Custom metric displaying the wrong numbers during training

I am trying to use a custom metric for my training, but it seems that the numbers displayed during training are not the ones that should be calculated by the custom metrics.

For example, if I run the following:

learn.metrics = [fbeta_mod]
learn.validate(), fbeta_mod(*learn.get_preds(DatasetType.Valid))

I got different results from the validate() function and the ones applying the metric function on the predictions of the validation sets.

Namely, this is the output I get:

([0.8209119, tensor(0.4247)], tensor(0.6222))

If it is of any help, I am using a Tabular learner and I am just trying to use a modified fbeta function on a single class classification task (as the one in fastai.metrics seems not to work out of the box).
This is my modified function (notice that I also changed the default value of the sigmoid parameter.

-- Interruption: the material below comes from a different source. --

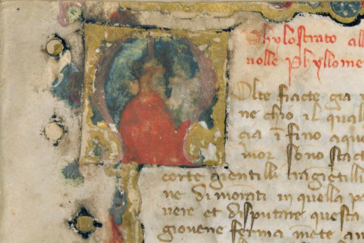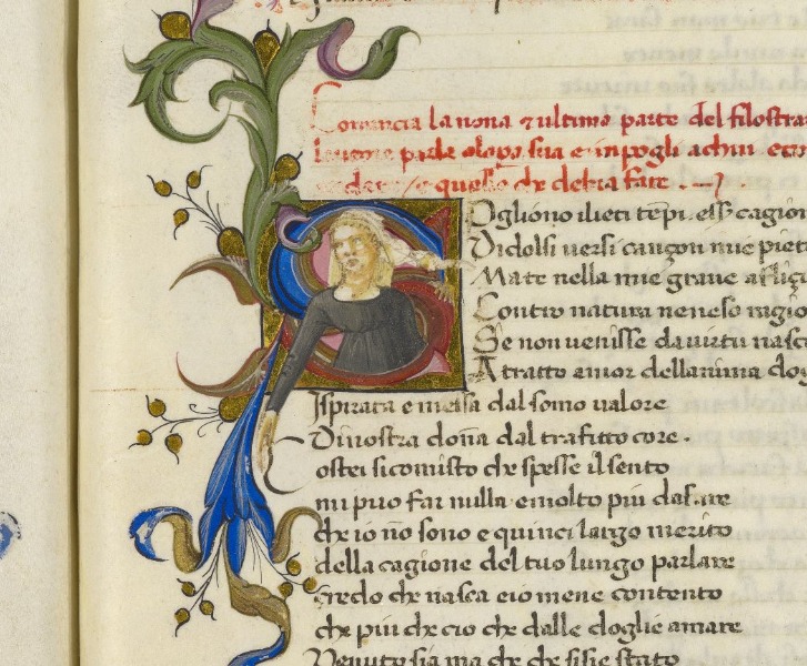 Firenze, Biblioteca Medicea Laurenziana, Plut. 41.28, f. 1r. Busto dell'autore Giovanni Boccaccio, all'interno dell'iniziale figurata M(olte).

def fbeta_mod(y_pred:Tensor, y_true:Tensor, thresh:float=0.2, beta:float=2, eps:float=1e-9, sigmoid:bool=False)->Rank0Tensor:
    "Computes the f_beta between `preds` and `targets`"
    beta2 = beta ** 2
    y_pred = y_pred[:, -1]
    if sigmoid: y_pred = y_pred.sigmoid()
    y_pred = (y_pred>thresh).float()
    y_true = y_true.float()
    TP = (y_pred*y_true).sum(dim=-1)
    prec = TP/(y_pred.sum(dim=-1)+eps)
    rec = TP/(y_true.sum(dim=-1)+eps)
    res = (prec*rec)/(prec*beta2+rec+eps)*(1+beta2)
    return res.mean()

the function itself gives me the same results as the fbeta_score in sklearn, so I am pretty sure the right result should be the higher one and the one displayed as a result of validate is wrong.

Any idea?

Edit: if it is of any importance, I am using a custom loss function as well, which is just a weighted cross entropy:

learn.loss_func = CrossEntropyFlat(weight=tensor([w0, 1-w0])))


w0 =; w0



When you do


Your metric is properly computed on all the predictions. But if you use it like this in validate or the training, it computes an average over batches, so it gives a wrong result. That is why, metrics like fbeta for single label classification are computed as Callbacks (you should have a look at FBeta), that stores all the results to be able to compute the right result at the end of validation.

Gotcha. Thanks. I suppose the same hold for accuracy as well. Weird that I had never noticed it

Just for the records, I managed to get the same results with Fbeta this way

learn.metrics = [FBeta()]
learn.validate(), fbeta_mod(*learn.get_preds(DatasetType.Valid), thresh=.5)

Notice that Fbeta uses a .5 threshold (and I am not sure it is possible to change it) while the default of fbeta is .2

There is no threshold parameter no: it takes the classes that has the maximum probability as prediction since it’s single-label.